Penn State played its first football game without Joe Paterno on the sidelines in 62 years today, and the final score was so insignificant it’s not even worth mentioning here. Today was the ending of six decades of a social structure so insular, so close-knit, that everyone inside it felt protected enough that they never realized no one was. Penn State will have more football games, and a new coach, and new players, but it’ll never be like it was again. That’s what today’s game was about; it was a gathering of public mourning.

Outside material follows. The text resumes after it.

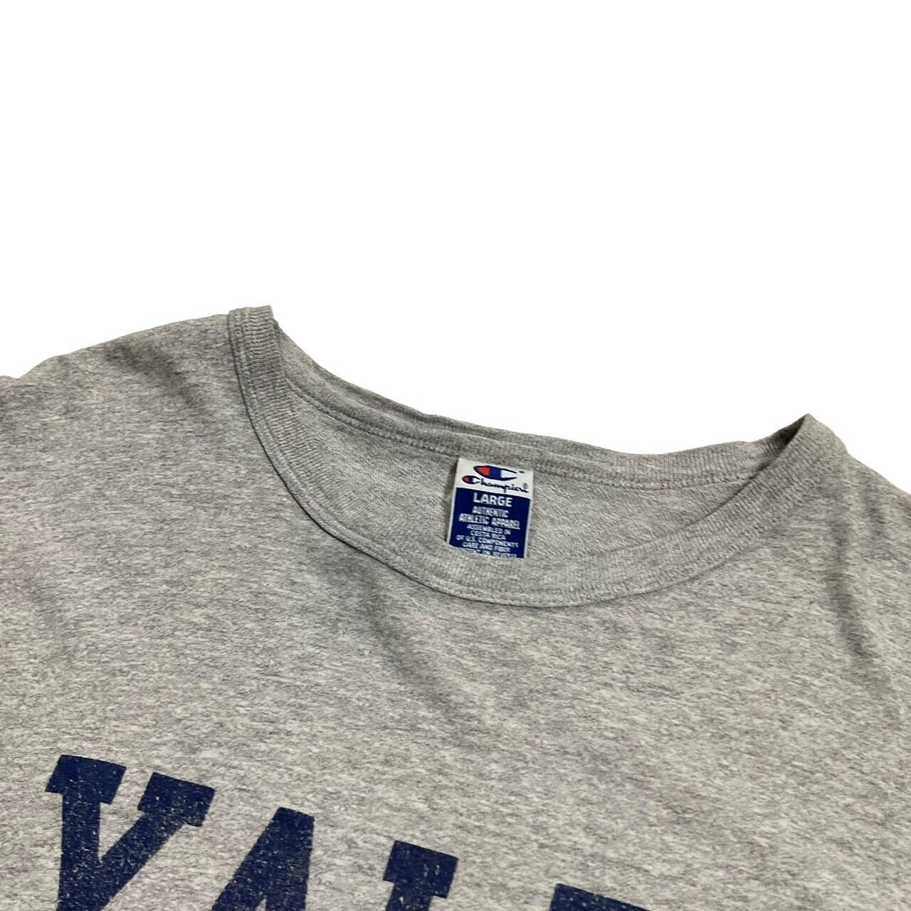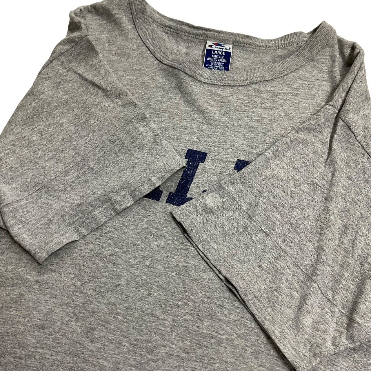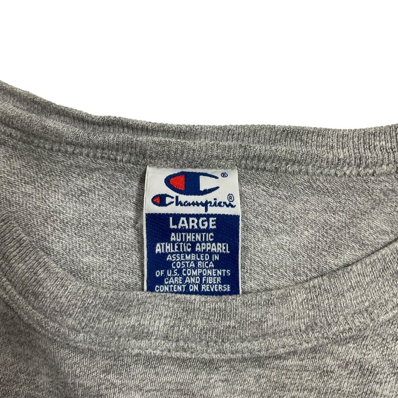 杢グレーでChampionの青タグ。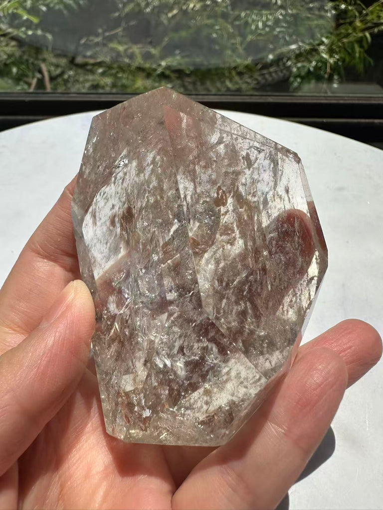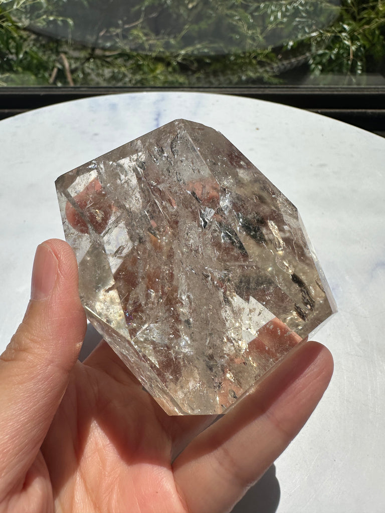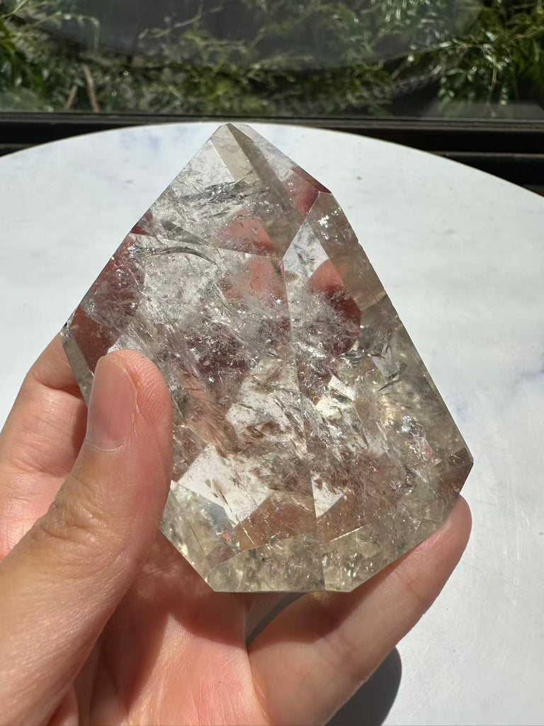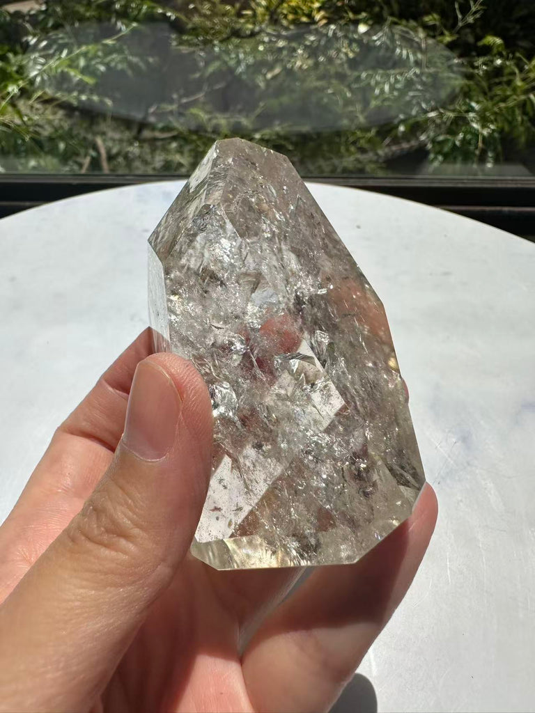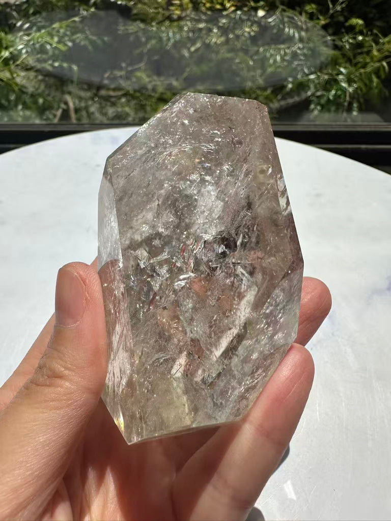 This specific Azeztulite Freeform Tower features Vibrant Rainbow Inclusionsāflashes of iridescent light trapped within the quartz. These rainbows (or "iris") occur when light refracts off internal fissures, symbolizing the pure light and spiritual potential locked within the stone, and magnifying its healing energy.

In a way, it reminded me a little of the regular church gatherings writer Dave Cullen wrote about in his book Columbine that took place in the weeks after the shootings. People just wanted to go someplace that was familiar, that was safe, that made some sense. In suburban Denver, that was church; in Happy Valley, it was Beaver Stadium. A little has been made of a protestor outside the stadium with signs saying, “The kids are what this is all about. Not wins or losses. Put the kids first. Don’t be fooled. They all knew. Tom Bradley and all must go,” and of course he is right, and of course the (few) people who accosted him were wrong. All that will be settled, and those at fault will be punished, even if none of them could possibly be as punished as we all want them to be, as they probably should be.

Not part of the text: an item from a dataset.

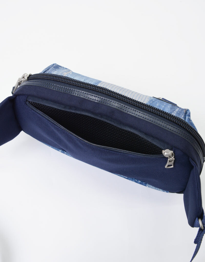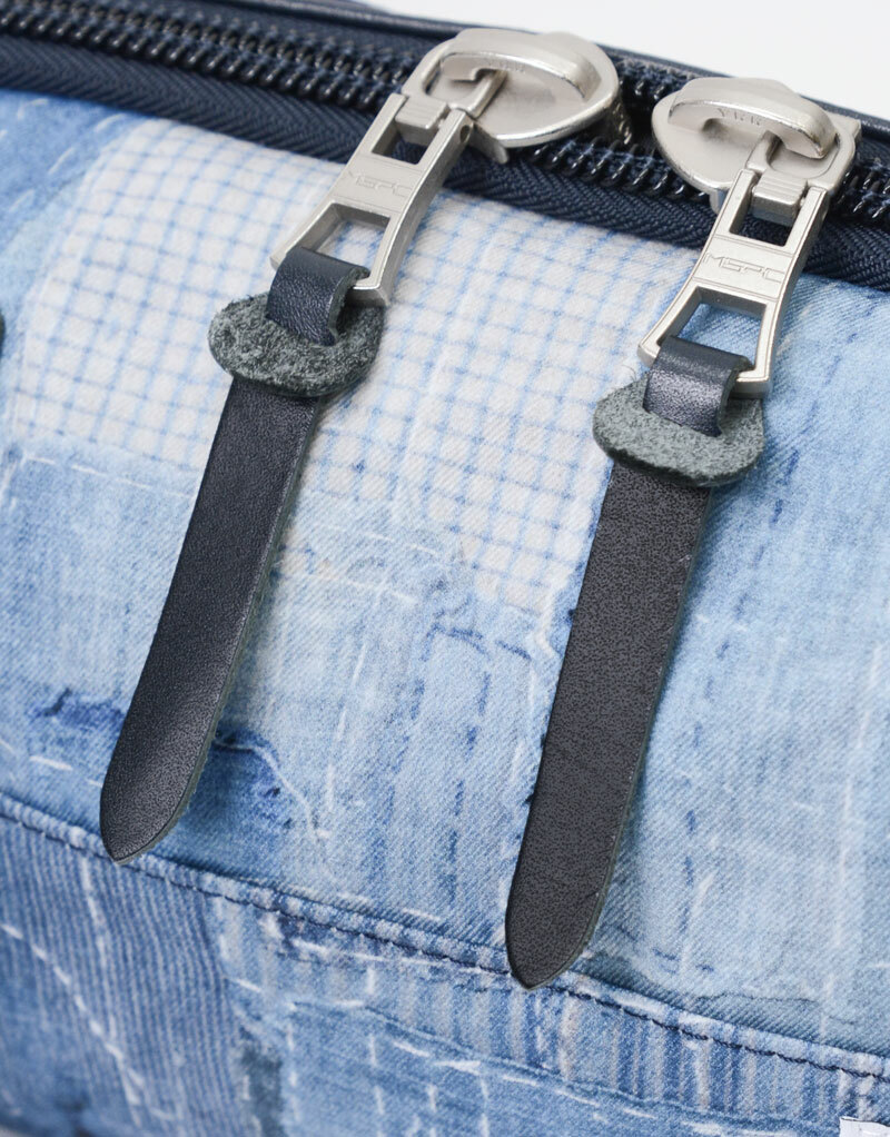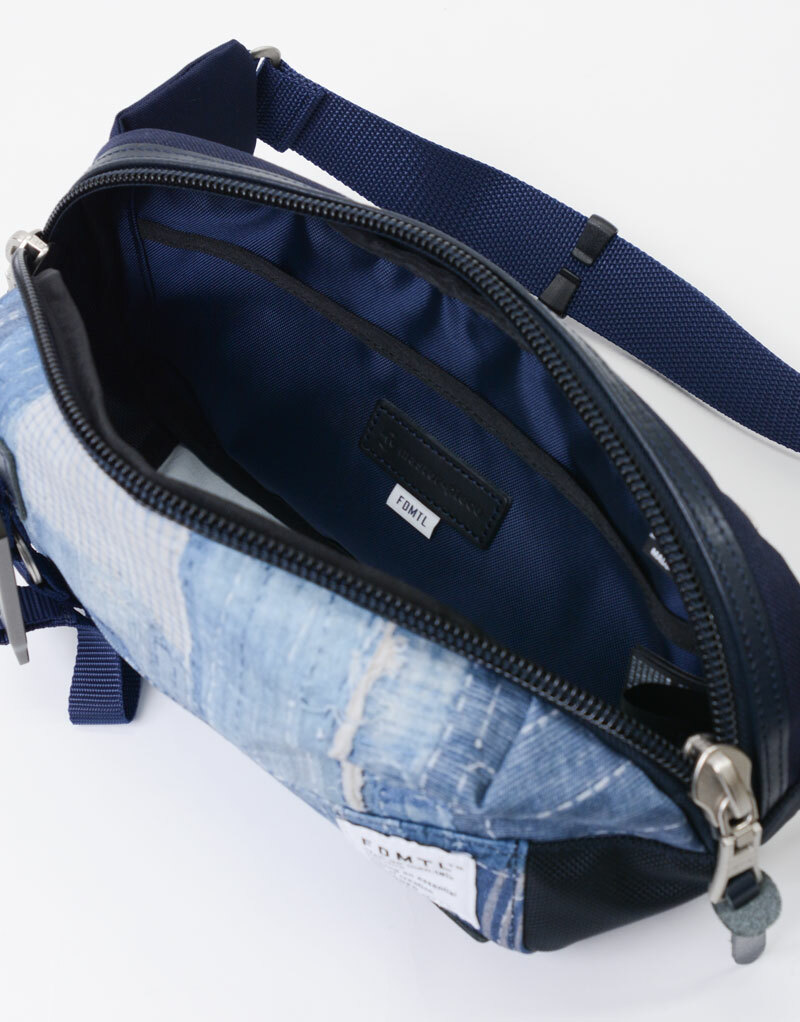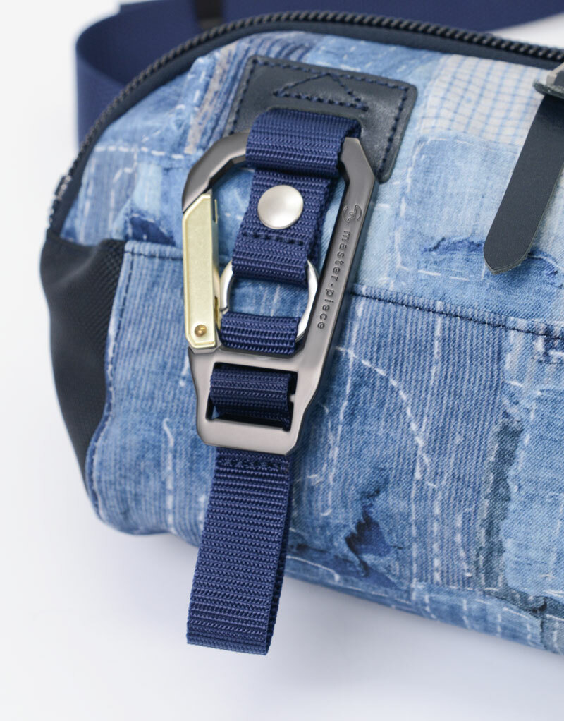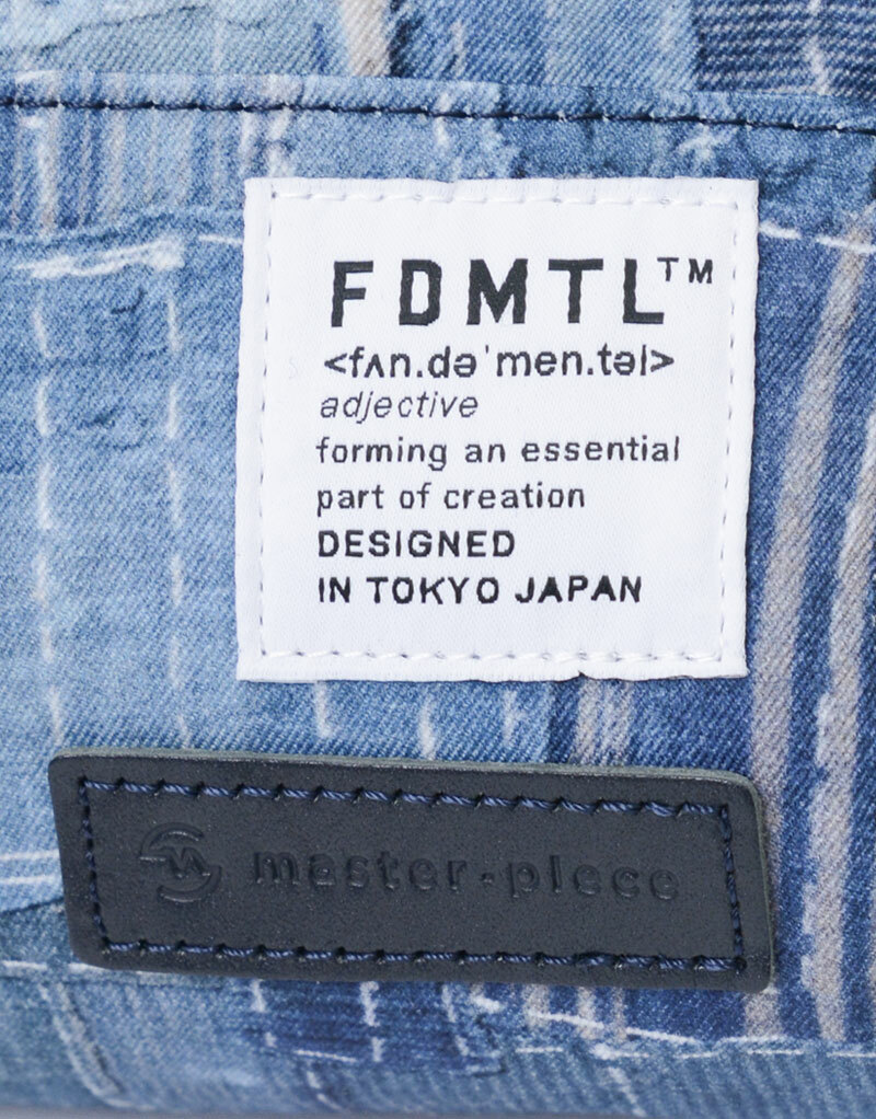 主體面料使用縱/橫系320d撥水加工尼龍,經小松精練株式会社專利技術KONBU-N特殊加工,使原來滑順的尼龍織線提升表面硬度,更具有如昆布般的乾燥手感與皺摺;為重現FDMTL品牌特有的丹寧布拼接花紋,委託數位轉寫業界領頭羊 小松精練株式会社以獨家印染技術 – MONALISA進行丹寧布的擬真轉寫,其高達1670萬的色彩量與熟練職人的精準控制及高度技術足以重現各式擬真效果並持久不易褪色,且其轉寫加工過程大幅降低能源、水、各式資源之使用與排放,無使用定色藥品、染料等,為兼顧社會責任之環境配慮型素材。附屬材質則使用高品質指標的INVISTA社CORDURA Ballistic® fabric 1680d尼龍,其具備超越一般尼龍5倍耐摩耗、撕裂之強度,於1680d布料內裏施以PVC加工使素材全面兼顧耐磨損即抗水機能,為顧慮流行與素材機能之結合。附屬皮革排除使用污染誘因的各種藥品與染料以及各種對人體有害的物質及六價鉻,僅使用100%雙重單寧酸鞣製加工,為以環境與人體為優先考量的環保製程天然皮革(NISSENKEN環保規格認證)。以FDMTL品牌識別丹寧布拼接加工以獨特的轉寫技術重現,將簡單的素面尼龍布料經兩道不同的加工流程轉變為全新素材,全新概念的異素材拼接為master-piece與FDMTL跨界合作的最新款式。

But today was not about that. Today was about saying goodbye. Not to Joe Paterno, not to the seniors playing their last game at home, not to a football program that had grown too powerful. It was about saying goodbye to a whole way of life, a whole organizing social structure for hundreds of thousands of people who thought they were on the good side of the planet … and weren’t. Michael Weinreb’s writing about growing up Penn State at Grantland has been particularly wrenching all week. As he put it:
[Friends of Weinreb’s who moved to Happy Valley from NYC] did so because they couldn’t afford to raise children in Manhattan, but they also did it because he couldn’t imagine a safer place to raise their kids than a little town in a valley situated three hours from everywhere. I don’t know what it feels like to grow up there now. I want these things to disappear from my consciousness, but they won’t. The place where I grew up is gone, and it’s not coming back.
Football didn’t mean anything today, the game didn’t mean anything today, Joe Paterno didn’t even mean anything today. This was about the culture of Penn State, the fans and alums and, yes, staff, who have grown up, now clearly unwisely, with that as the central organizing principle of their lives. This was about them saying goodbye. It’s gone, and it’s not coming back.